▸ **Exercise aim**
Omit the pictures and output exactly the lines from the start of the entries through the line containing "寒假不长胖的秘密在这里|寒假健康提示 2024-01-30 15:36:28".

Stored data entries
· · ·

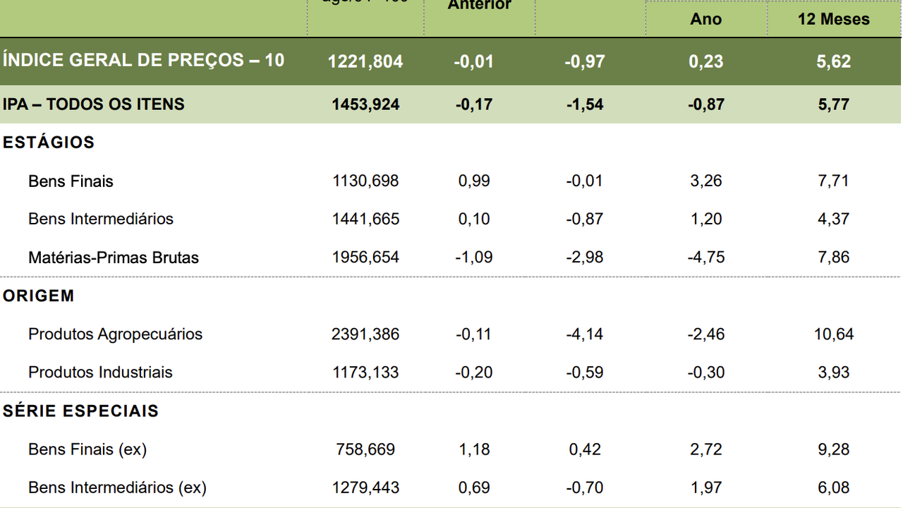 Com esse resultado, o índice acumula alta de 0,23% no ano e 5,62% nos últimos 12 meses. Em junho de 2024, o IGP-10 havia subido 0,83% no mês e apresentava alta acumulada de 1,79% em 12 meses.
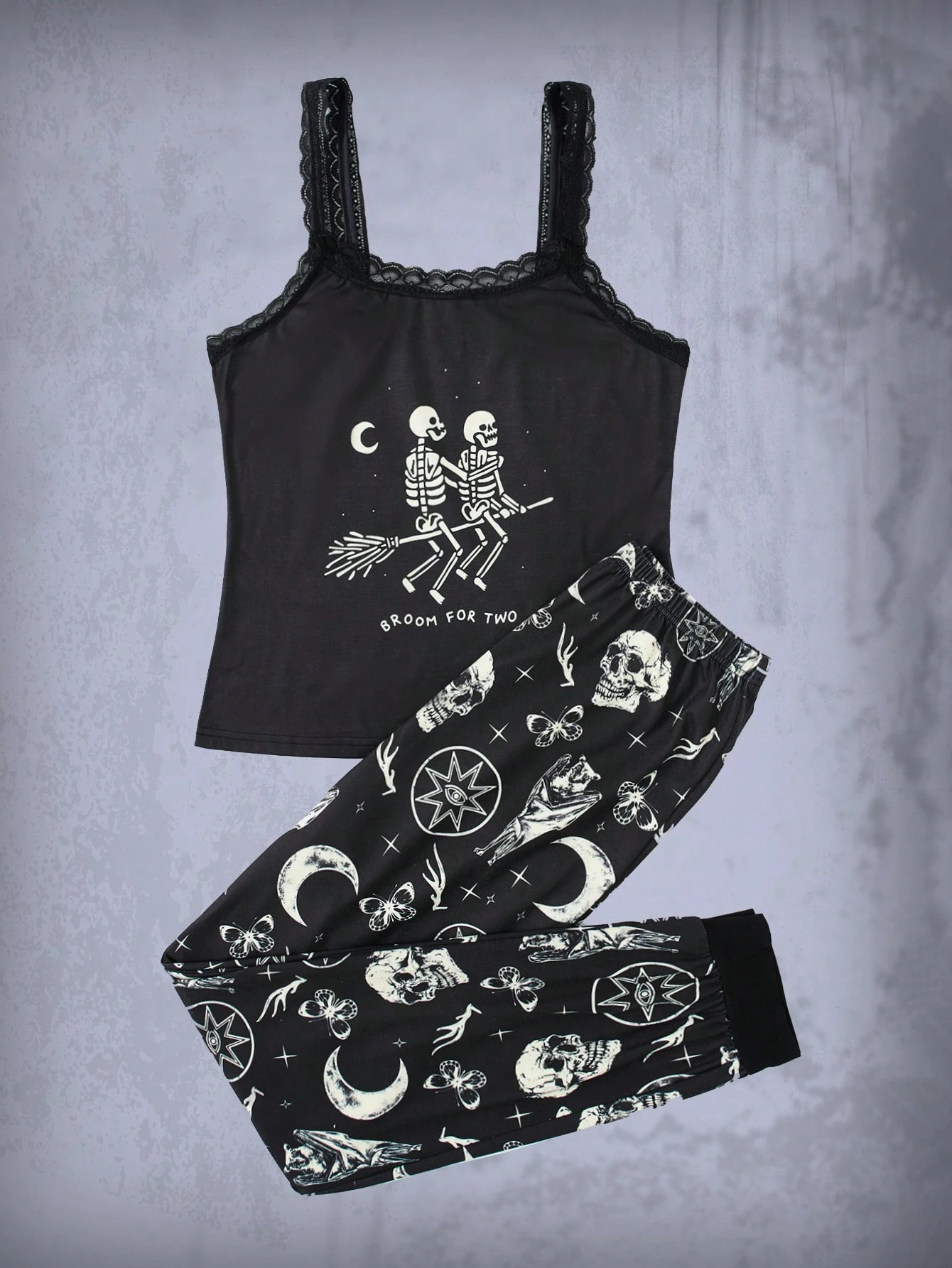 Catsneeze Pyjama Set mit Schädel Muster, Kontrast Spitzen,
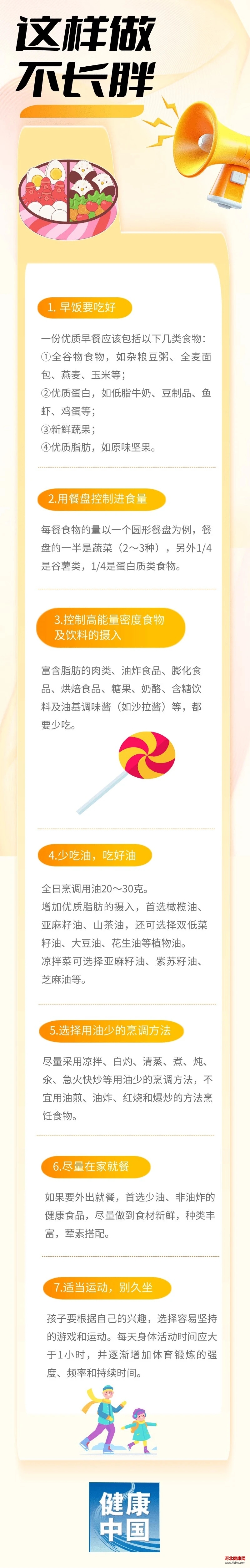 寒假不长胖的秘密在这里|寒假健康提示 2024-01-30 15:36:28 来源:河北健康网 编辑:墨公子 寒假期间,孩子们容易饮食不规律,吃零食及喝含糖饮料的机会增多,加上天气寒冷,主动运动的意愿降低,体重很容易上涨。体质量指数(BMI)在正常范围内的孩子,怎么做能够快乐过寒假且不长胖呢?这份“秘诀”请收好。 (稿件来源:健康中国)
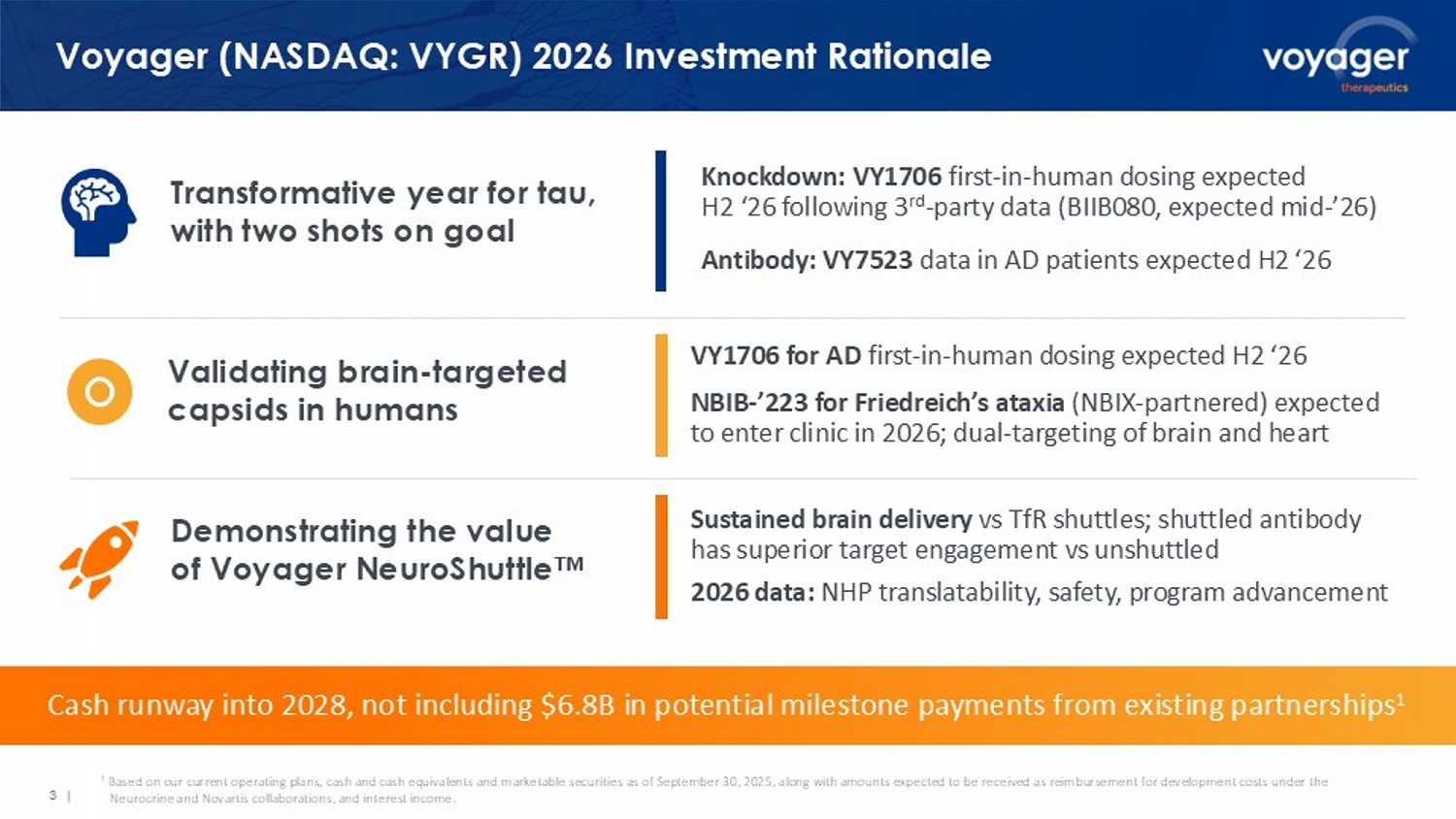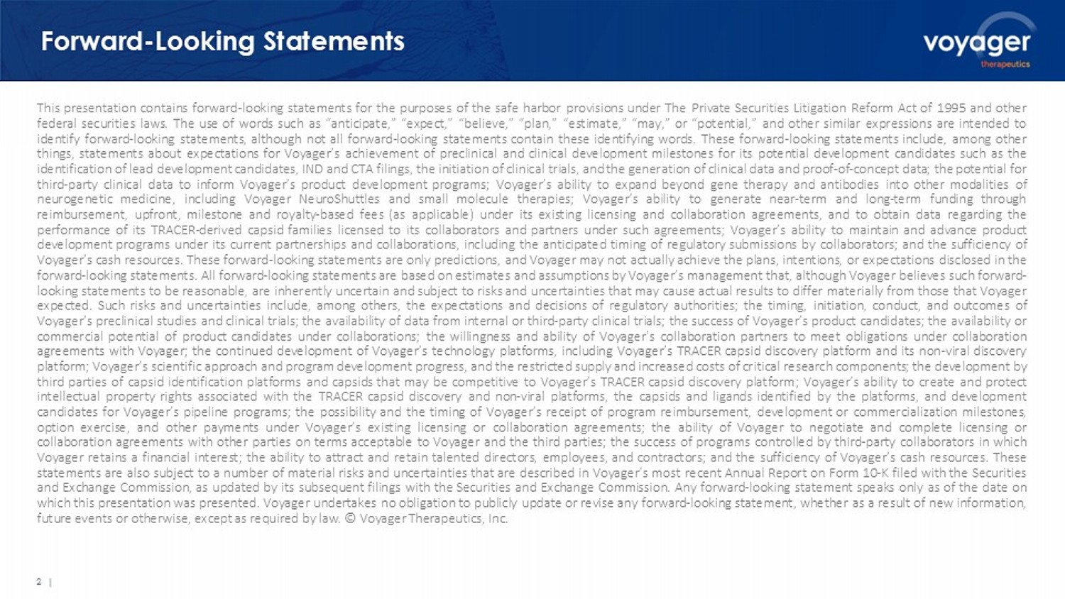 2 | Forward - Looking Statements This presentation contains forward - looking statements for the purposes of the safe harbor provisions under The Private Securities Litigation Reform Act of 1995 and other federal securities laws . The use of words such as “anticipate,” “expect,” “believe,” “plan,” “estimate,” “may,” or “potential,” and other similar expressions are intended to identify forward - looking statements, although not all forward - looking statements contain these identifying words . These forward - looking statements include, among other things, statements about expectations for Voyager’s achievement of preclinical and clinical development milestones for its potential development candidates such as the identification of lead development candidates, IND and CTA filings, the initiation of clinical trials, and the generation of clinical data and proof - of - concept data ; the potential for third - party clinical data to inform Voyager’s product development programs ; Voyager’s ability to expand beyond gene therapy and antibodies into other modalities of neurogenetic medicine, including Voyager NeuroShuttles and small molecule therapies ; Voyager’s ability to generate near - term and long - term funding through reimbursement, upfront, milestone and royalty - based fees (as applicable) under its existing licensing and collaboration agreements, and to obtain data regarding the performance of its TRACER - derived capsid families licensed to its collaborators and partners under such agreements ; Voyager’s ability to maintain and advance product development programs under its current partnerships and collaborations, including the anticipated timing of regulatory submissions by collaborators ; and the sufficiency of Voyager’s cash resources . These forward - looking statements are only predictions, and Voyager may not actually achieve the plans, intentions, or expectations disclosed in the forward - looking statements . All forward - looking statements are based on estimates and assumptions by Voyager’s management that, although Voyager believes such forward - looking statements to be reasonable, are inherently uncertain and subject to risks and uncertainties that may cause actual results to differ materially from those that Voyager expected . Such risks and uncertainties include, among others, the expectations and decisions of regulatory authorities ; the timing, initiation, conduct, and outcomes of Voyager’s preclinical studies and clinical trials ; the availability of data from internal or third - party clinical trials ; the success of Voyager’s product candidates ; the availability or commercial potential of product candidates under collaborations ; the willingness and ability of Voyager's collaboration partners to meet obligations under collaboration agreements with Voyager ; the continued development of Voyager’s technology platforms, including Voyager’s TRACER capsid discovery platform and its non - viral discovery platform ; Voyager’s scientific approach and program development progress, and the restricted supply and increased costs of critical research components ; the development by third parties of capsid identification platforms and capsids that may be competitive to Voyager’s TRACER capsid discovery platform ; Voyager’s ability to create and protect intellectual property rights associated with the TRACER capsid discovery and non - viral platforms, the capsids and ligands identified by the platforms, and development candidates for Voyager’s pipeline programs ; the possibility and the timing of Voyager’s receipt of program reimbursement, development or commercialization milestones, option exercise, and other payments under Voyager’s existing licensing or collaboration agreements ; the ability of Voyager to negotiate and complete licensing or collaboration agreements with other parties on terms acceptable to Voyager and the third parties ; the success of programs controlled by third - party collaborators in which Voyager retains a financial interest ; the ability to attract and retain talented directors, employees, and contractors ; and the sufficiency of Voyager’s cash resources . These statements are also subject to a number of material risks and uncertainties that are described in Voyager’s most recent Annual Report on Form 10 - K filed with the Securities and Exchange Commission, as updated by its subsequent filings with the Securities and Exchange Commission . Any forward - looking statement speaks only as of the date on which this presentation was presented . Voyager undertakes no obligation to publicly update or revise any forward - looking statement, whether as a result of new information, future events or otherwise, except as required by law . © Voyager Therapeutics, Inc .
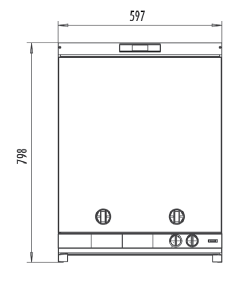Die Gesamthöhe des Lüftungsgeräts und der Abzugshaube beträgt 798 mm (Installationsraum + 2 mm).
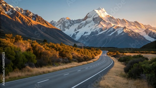 Scenic mountain road winding through autumn landscape towards majestic snow-capped peaks
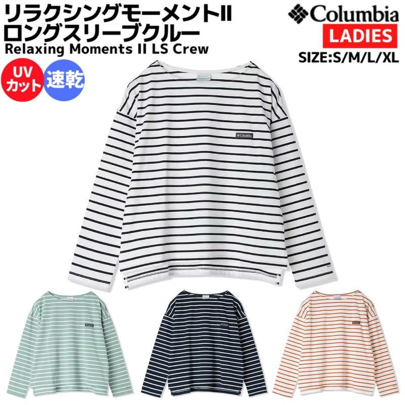6. コロンビア Columbia リラクシングモーメントII ロングスリーブクルー Relaxing Moments II LS Crew レディース 春 夏 ボーダー柄 Tシャツ 長袖 ボートネック スリット 速乾 UVカット アウトドア タウンユース PL9815 125 345 464 888 アウトレット セール
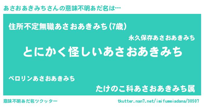 | 女子向けラノベタイトル風あだ名 | 『あさおあきみちは平凡を望む』 |

· · ·

▸ **Written solution**
 Com esse resultado, o índice acumula alta de 0,23% no ano e 5,62% nos últimos 12 meses. Em junho de 2024, o IGP-10 havia subido 0,83% no mês e apresentava alta acumulada de 1,79% em 12 meses.
 Catsneeze Pyjama Set mit Schädel Muster, Kontrast Spitzen,
 寒假不长胖的秘密在这里|寒假健康提示 2024-01-30 15:36:28 来源:河北健康网 编辑:墨公子 寒假期间,孩子们容易饮食不规律,吃零食及喝含糖饮料的机会增多,加上天气寒冷,主动运动的意愿降低,体重很容易上涨。体质量指数(BMI)在正常范围内的孩子,怎么做能够快乐过寒假且不长胖呢?这份“秘诀”请收好。 (稿件来源:健康中国)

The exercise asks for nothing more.